TASK TO CARRY OUT =
Everything in the records must be restated exactly, apart from the pictures.

DATA EXCERPTS =
*** Block opens ***

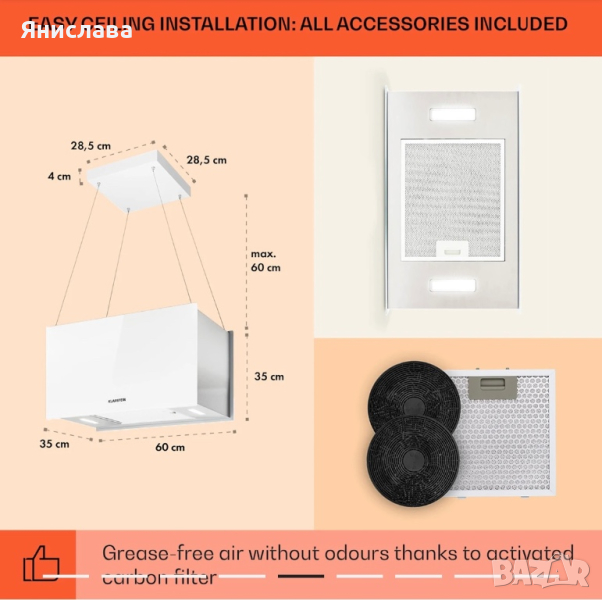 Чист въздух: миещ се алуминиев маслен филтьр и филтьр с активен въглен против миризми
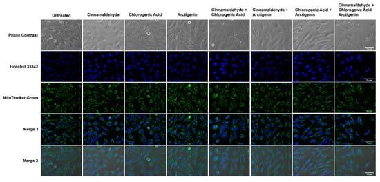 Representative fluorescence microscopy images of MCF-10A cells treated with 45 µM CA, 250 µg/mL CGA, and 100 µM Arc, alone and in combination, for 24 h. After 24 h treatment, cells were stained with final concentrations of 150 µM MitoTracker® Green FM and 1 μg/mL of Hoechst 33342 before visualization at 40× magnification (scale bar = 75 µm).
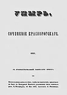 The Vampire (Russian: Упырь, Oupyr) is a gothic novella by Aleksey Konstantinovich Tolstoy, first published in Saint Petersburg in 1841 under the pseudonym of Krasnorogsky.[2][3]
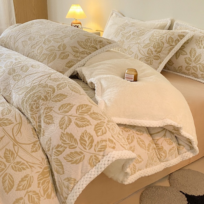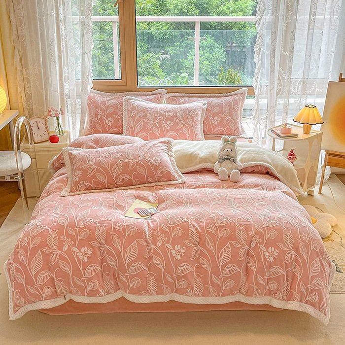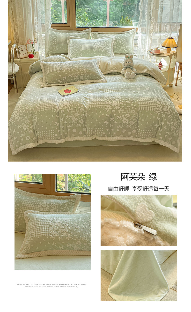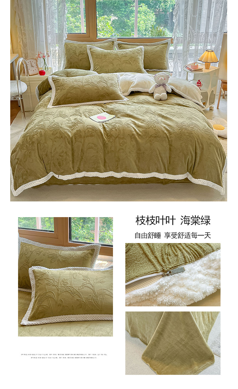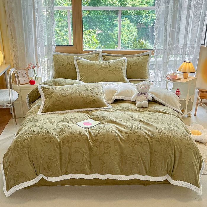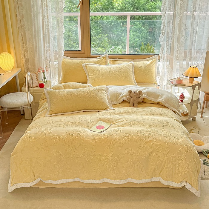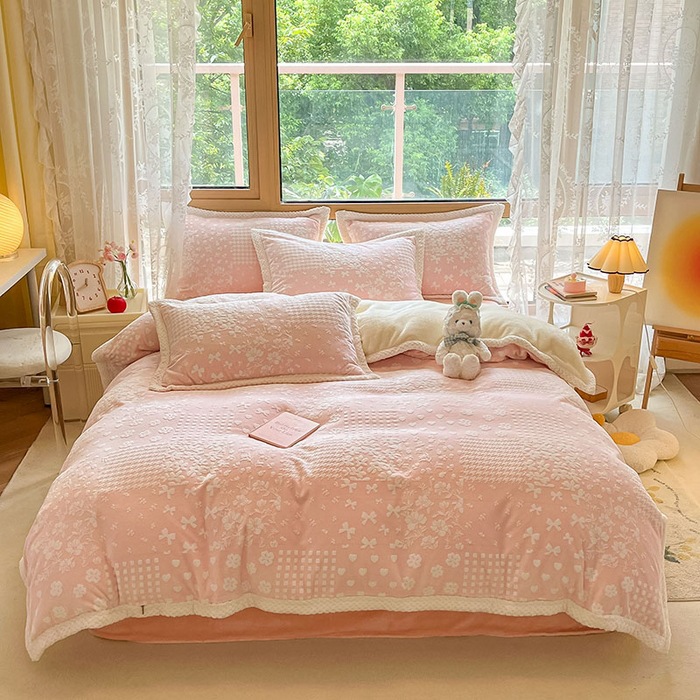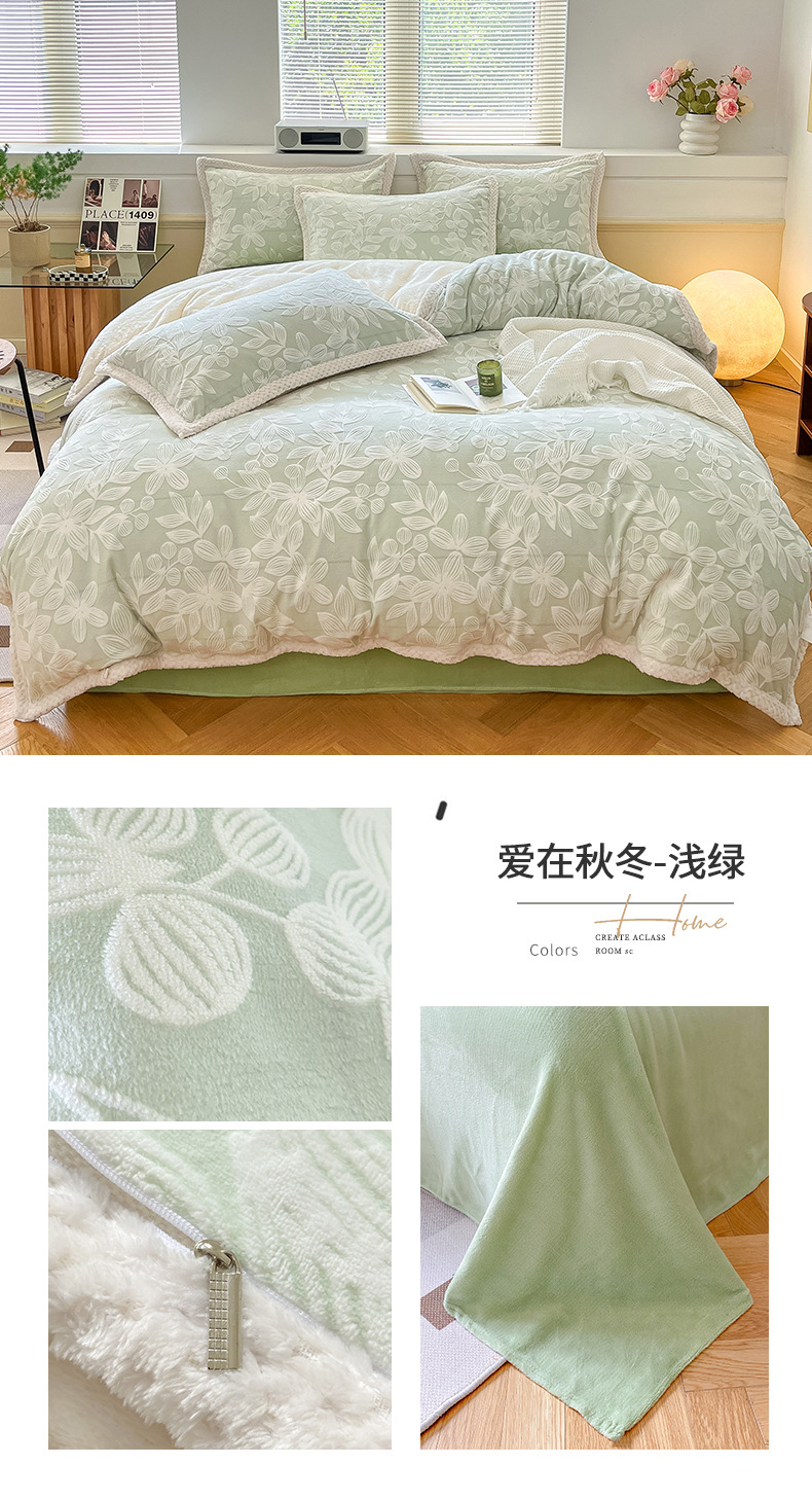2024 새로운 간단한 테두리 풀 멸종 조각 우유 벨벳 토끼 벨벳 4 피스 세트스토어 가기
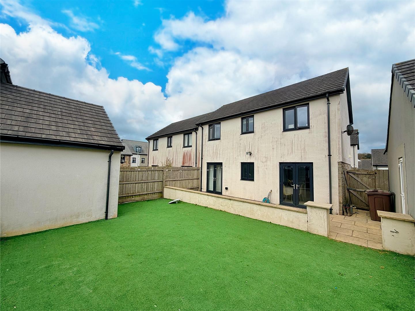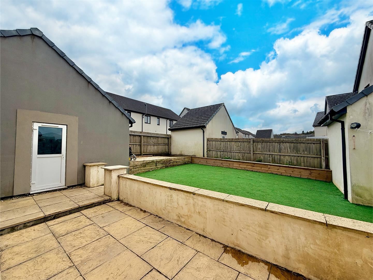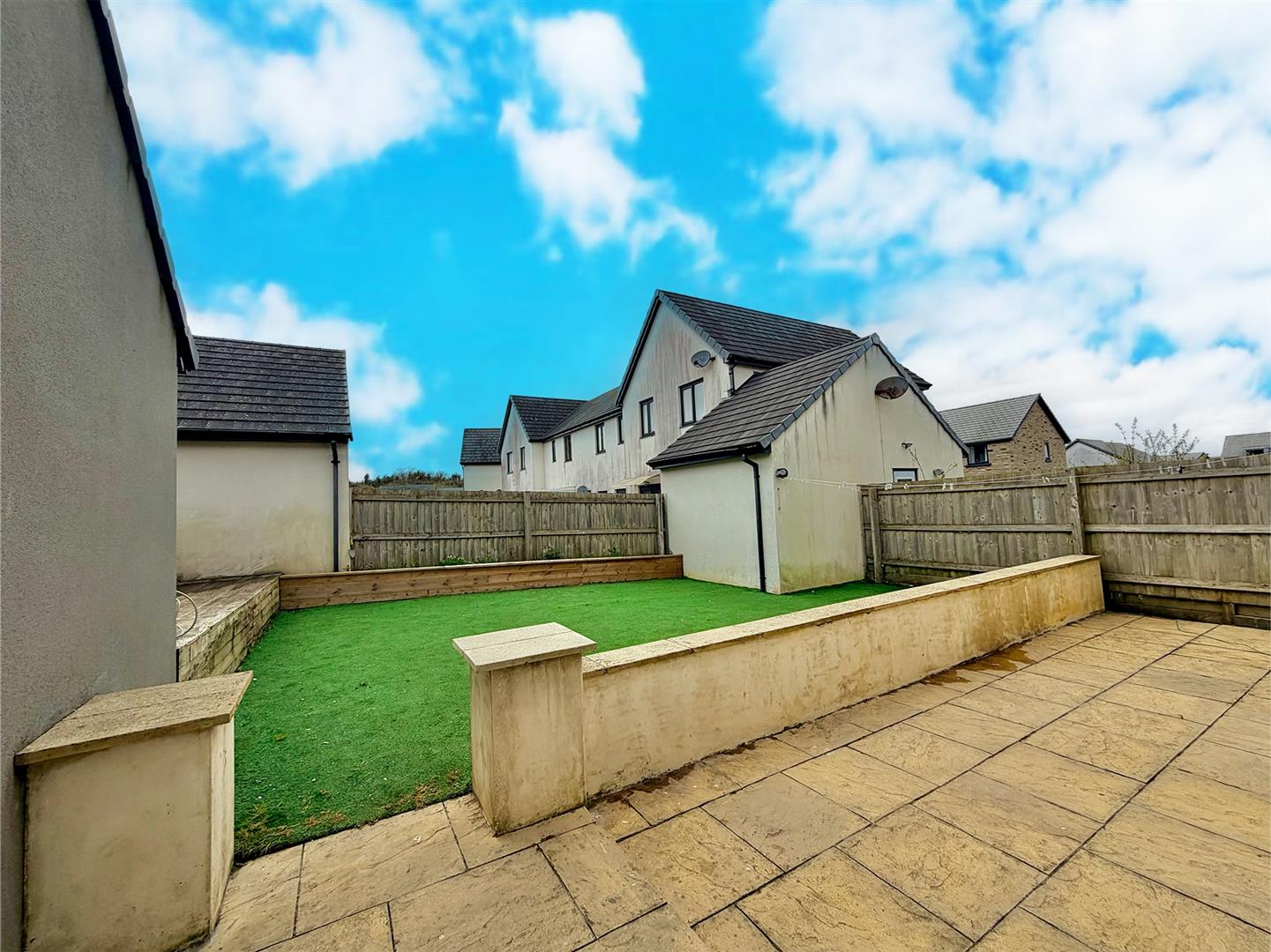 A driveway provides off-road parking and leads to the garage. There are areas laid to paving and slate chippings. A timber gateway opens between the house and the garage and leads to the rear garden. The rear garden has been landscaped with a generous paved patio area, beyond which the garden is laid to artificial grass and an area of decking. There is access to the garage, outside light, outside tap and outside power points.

*** Block closes ***

ANSWER TO THIS EXERCISE =
 Чист въздух: миещ се алуминиев маслен филтьр и филтьр с активен въглен против миризми
 Representative fluorescence microscopy images of MCF-10A cells treated with 45 µM CA, 250 µg/mL CGA, and 100 µM Arc, alone and in combination, for 24 h. After 24 h treatment, cells were stained with final concentrations of 150 µM MitoTracker® Green FM and 1 μg/mL of Hoechst 33342 before visualization at 40× magnification (scale bar = 75 µm).
 The Vampire (Russian: Упырь, Oupyr) is a gothic novella by Aleksey Konstantinovich Tolstoy, first published in Saint Petersburg in 1841 under the pseudonym of Krasnorogsky.[2][3]
2024 새로운 간단한 테두리 풀 멸종 조각 우유 벨벳 토끼 벨벳 4 피스 세트스토어 가기
 A driveway provides off-road parking and leads to the garage. There are areas laid to paving and slate chippings. A timber gateway opens between the house and the garage and leads to the rear garden. The rear garden has been landscaped with a generous paved patio area, beyond which the garden is laid to artificial grass and an area of decking. There is access to the garage, outside light, outside tap and outside power points.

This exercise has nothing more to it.